Many of the first buyers of Ford EVs were willing to pay premium prices to be the first on their block with a new technology.
“As the COVID shock retreated,” Farley told equity analysts, “We learned that as you scale EVs to 5,000 to 7,000 units a month and you move into the early majority customer, they are not willing to pay a significant premium for EVs. This is a huge moment for us. What we’ve seen, because we offer everything, is pricing quickly converged to hybrids after any benefit from subsidies.”
Revenue is everything
Farley underscored the point by reminding financial analysts the number of EVs isn’t nearly as important as the revenue they generate, against the headwind of softer pricing.
Meanwhile, Ford two years ago convened a “super-talented skunkworks,” Farley said, to design a new low-cost EV architecture: “It was a small group, small team, some of the best EV engineers in the world, and it was separate from the Ford mothership. It was a startup.”
Farley says Ford’s competition in the BEV business will be “the affordable Tesla” (reportedly debuting as soon as 2025) and the wave of Chinese competitors. Chinese BEVs already are landing in Europe and soon may enter North America via Mexican assembly plants. Volvo, jointly owned with Chinese and Swedish capital, is on course to build EVs in South Carolina.

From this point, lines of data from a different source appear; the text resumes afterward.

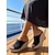 Eleganti sandali con zeppa neri da donna: sandali con plateau scintillanti e perline, con comoda suola in paglia, perfetti per crociere e feste in yacht. &abbigliamento da sera per località estive
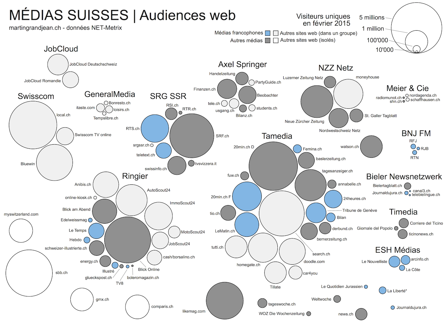 Note à propos des données : ces chiffres proviennent des rapports NET-Metrix et concernent le mois de février 2015. Tous les sites recensés par cette source ne sont pas visualisés ci-dessus, seuls les sites de médias sont affichés, auquel on ajoute à titre de comparaison une sélection de sites divers dont l’audience est la plus forte. On notera également qu’il est possible que quelques médias ne soient pas partenaires de NET-Metrix et qu’ils n’apparaissent donc pas. Il ne s’agit donc pas d’un panorama de tout le web suisse, mais des principaux domaines. (*) Les données de La Liberté sont prises sur un mois antérieur puisqu’elles ne sont plus disponibles cette année. On notera également que le résultat d’un comptage des “visiteurs uniques” et “pages vues” dépend beaucoup de l’outil et de la méthodologie : ces valeurs permettent donc de comparer les médias entre eux, inutile de les rapporter à des comptages Google Analytics ou autres.
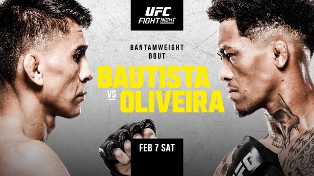 I pesi gallo Mario Bautista e Vinicius Oliveira sono i protagonisti della prima carta UFC Combat Evening dell’anno al Meta Apex di Las Vegas. Guarda l’azione sabato 7 febbraio su Sportsnet 360 e Sportsnet+ con copertura a partire dalle 18:00 ET / 15:00 PT.
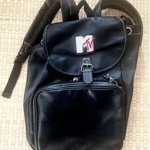 Vintage MTV sort læderrygsæk fra 1990'erne med broderet logo
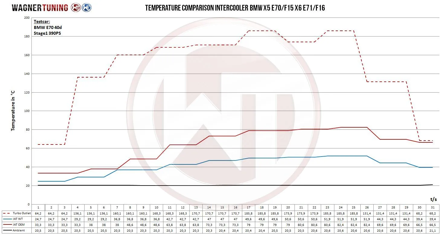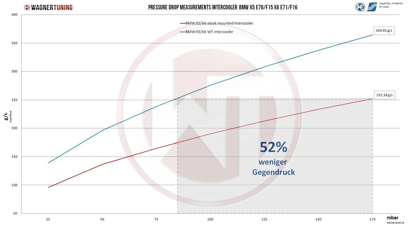 Unleash the full power of your BMW X5 - The Competition high-performance intercooler.Are you dreaming of a noticeable increase in performance in your BMW X5 3.0d or 3.0sd? Our Competition high-performance intercooler makes this dream a reality.With impressive intercooler core dimensions of 535 mm x 332 mm x 150 mm (stepped up to 19.2 liters), our intercooler offers a mind-blowing 113.5% larger flow area and an incredible 120% more charge air volume compared to the original.Our Competition high performance core is based on Tube Fin technology with internal turbulators. Despite its considerable size, the entire intercooler weighs only a light 12.5 kg. The cast aluminum end boxes have been optimized using flow analysis in the CFD system to reduce backpressure to a minimum. The result: outstanding cooling properties. Our intercoolers feature an anti-corrosion coating with outstanding heat conduction properties that ensure lasting and optimal cooling. Count on a continuous increase in performance. Our kit is completely ready to install and requires only the replacement of the stock intercooler - a plug-and-play experience. The original intercooler hoses can still be used. Our intercooler has been tested to an impressive 6 bar pressure and has proven its pressure stability.Trust in our constant qualitative monitoring. This intercooler was developed specifically for racing and meets the highest standards.Unleash the true power of your BMW X5 - with the Wagner Tuning Competition high-performance intercooler.The Competition intercooler fits the following vehicles:- BMW X5 E70 3.0d / 3.0sd (2006-2010).- BMW X5 E70 LCI 30dX / 35dX / 35iX / 40dX / 40iX (2009-2013)- BMW X6 E71 30dX / 35dX / 35iX / 40dX / 40iX (2007-2014)- BMW X5 F15 25d / 25dX / 28iX / 30dX / 35dX / 35i / 35iX / 40dX / 40eX (2012-2018)- BMW X6 F16 28iX / 30dX / 35i / 35iX / 40dX (2013-2018)Part number 200001125Kit comes with :1 intercooler1 mounting material1 assembly instruction
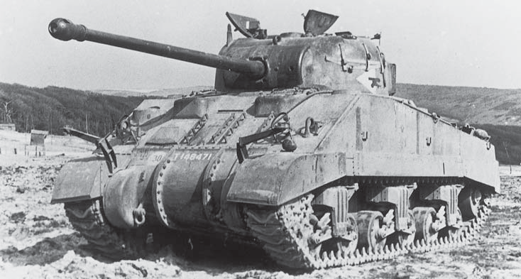 一辆早期改装完成的谢尔曼VC“萤火虫”坦克,车体航向机枪安装口已被装甲板覆盖
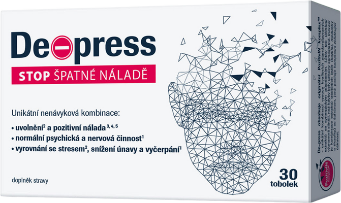 V dnešní hektické době se potýká s nadměrnou stresovou zátěží snad každý z nás. Ne vždy je ale nutné brát antidepresiva, překvapivý účinek mohou mít i některé doplňky stravy. Důkazem je De-press, který působí proti stresu, špatné náladě, a navíc snižuje únavu a vyčerpání.
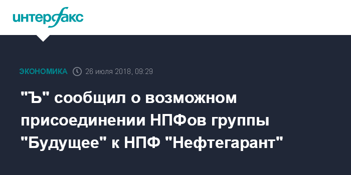 "Ъ" сообщил о возможном присоединении НПФов группы "Будущее" к НПФ "Нефтегарант"
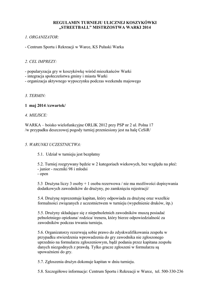 regulamin turnieju ulicznej koszykówki 2014
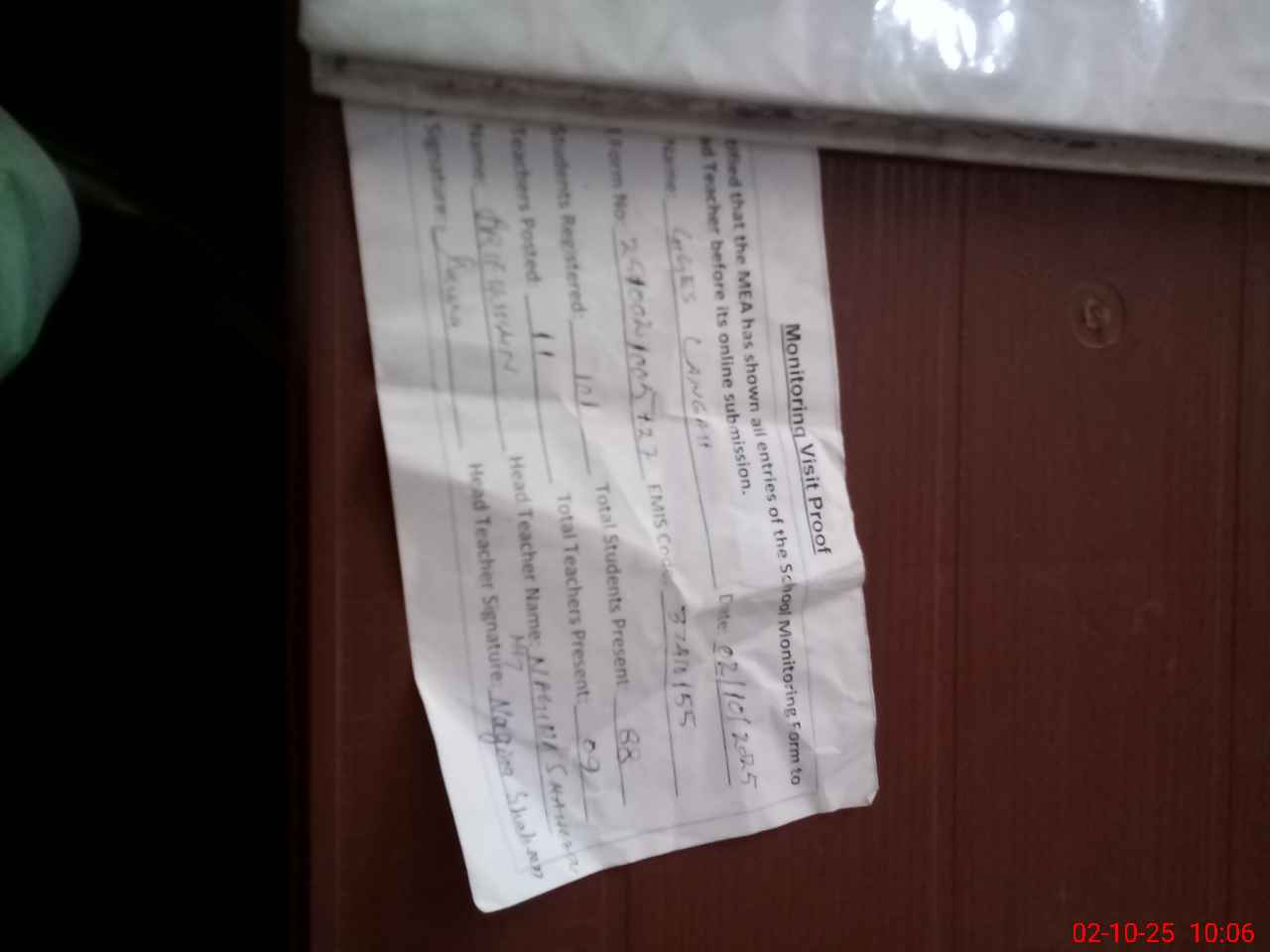 | Certified that this School was Inspected by the Undersigned MEA/DMO Today and the Information Stated Above is as Per Record. | |||||

Fortunately, Ford’s No. 1 show horse, the gasoline-powered F150 pickup, continues to sell vigorously and support the automaker’s profitability, along with a significant and growing business that caters to commercial customers. Ford’s Pro division, another profitable and growing business, specializes in Ford Super Duty heavy-duty pickups and Ford Transit Vans – singly and in fleets, along with related software packages.
Wall Street analysts and Seeking Alpha’s Quant ratings remain cautious on Ford – and so do I. The Hold rating reflects my conviction that depending on how the political winds blow, strict federal fuel efficiency mandates and penalties constitute an existential threat to the company’s profitability and liquidity. Farley and company astutely comprehend the threat and are adjusting BEV strategy appropriately – the results bear watching as BEV adoption unfolds.
Analyst’s Disclosure: I/we have a beneficial long position in the shares of TSLA either through stock ownership, options, or other derivatives. I wrote this article myself, and it expresses my own opinions. I am not receiving compensation for it (other than from Seeking Alpha). I have no business relationship with any company whose stock is mentioned in this article.